You can contrast this with the triggering conditions (there is a choice) in the Compassion in Dying form
, the most relevant one of which is: ‘I suffer serious impairment of the mind or brain with little or no prospect of recovery together with a physical need for life-sustaining treatment/interventions’. Here it is quite possible that different people will have different views on whether life-sustaining treatment is in your best interests as the ADRT will be triggered (in dementia patients) once their condition constitutes a serious impairment and there is little or no prospect of recovery. So the ADRT will have a role to play.
Compassion in Dying also have a free phone line you can call to get help in filling out the form; details are provided within the form as well as on their website.
NB: Compassion in Dying has a relationship
with Dignity in Dying. They are separate organisations but they work out of the same offices.
26 July 2012
BBC Radio 4, 26 July 2012, 21.00-21.45, also available via the iPlayer or as a podcast
From the programme’s website:
Since losing her husband to a terminal illness, and watching his kidneys fail, Pamela has felt a burning desire to try to help someone else escape a similar fate.
A year after his death, she writes to her local hospital to ask if she can become an ‘altruistic’ donor, and donate one of her kidneys to a stranger. To her horror, she receives a letter back saying that she is ‘too old’. Undeterred, she approaches a transplant surgeon at another hospital, and he agrees to see her.
To the surgeon, Pamela appears fit and extremely determined. But for a potential donor, she’s also rather unusual – she’s eighty two years old.
Should Pamela be allowed to donate? What are the risks to her – both of the operation itself, and of being left with only one kidney? And, if the team allow her to donate, who should receive such an elderly organ?
16 July 2012
Inside the Ethics Committee
BBC Radio 4, Thursday 19 July 2012, 09.00-09.45, repeated 21.00-21.45, available via the iPlayer or as a podcast
From the programme’s website:
Monty has double pneumonia and is in intensive care.
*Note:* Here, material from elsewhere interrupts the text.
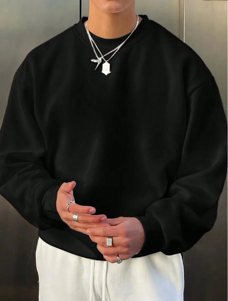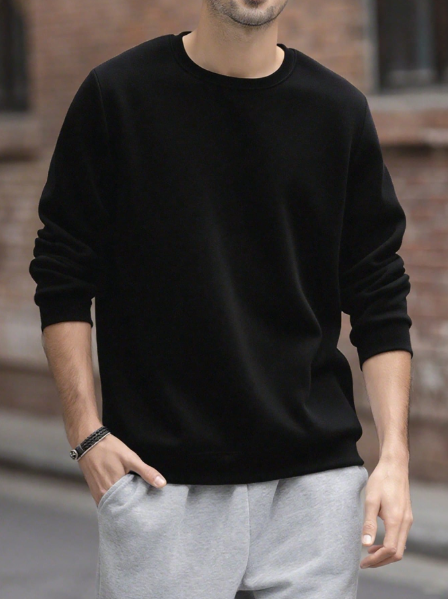 Product Note: Men's All-Match Crew Neck Sweatshirt, Versatile Casual Pullover, Essential For Street Style Layering, Autumn/Winter, Long Sleeve Top

A ventilator is breathing for him and he’s sedated so that he can tolerate a breathing tube in his throat. Given the risks associated with being intubated in this way, the team are keen to get him off the ventilator as soon as possible, so that he can start breathing for himself.
After several days of antibiotics, Monty improves. So they stop the sedation, wake him up, and remove the breathing tube. The plan is for Monty to wear a mask to support his breathing until he is strong enough to breathe for himself.
But Monty is autistic, and as soon as the mask is placed on his face, he pushes it away. The nurses put it back on, but again he bats it off. The nurses persist, but Monty struggles and lashes out at them. Exhausted, he starts going blue. Fearing for Monty’s life, the team re-sedate him and put him back on the ventilator.
As his life hangs in the balance, what lengths should the medical team go to to get Monty to accept the life-saving treatment he is struggling against? Should they physically restrain him?
Joan Bakewell chairs the discussion between medical and ethical experts.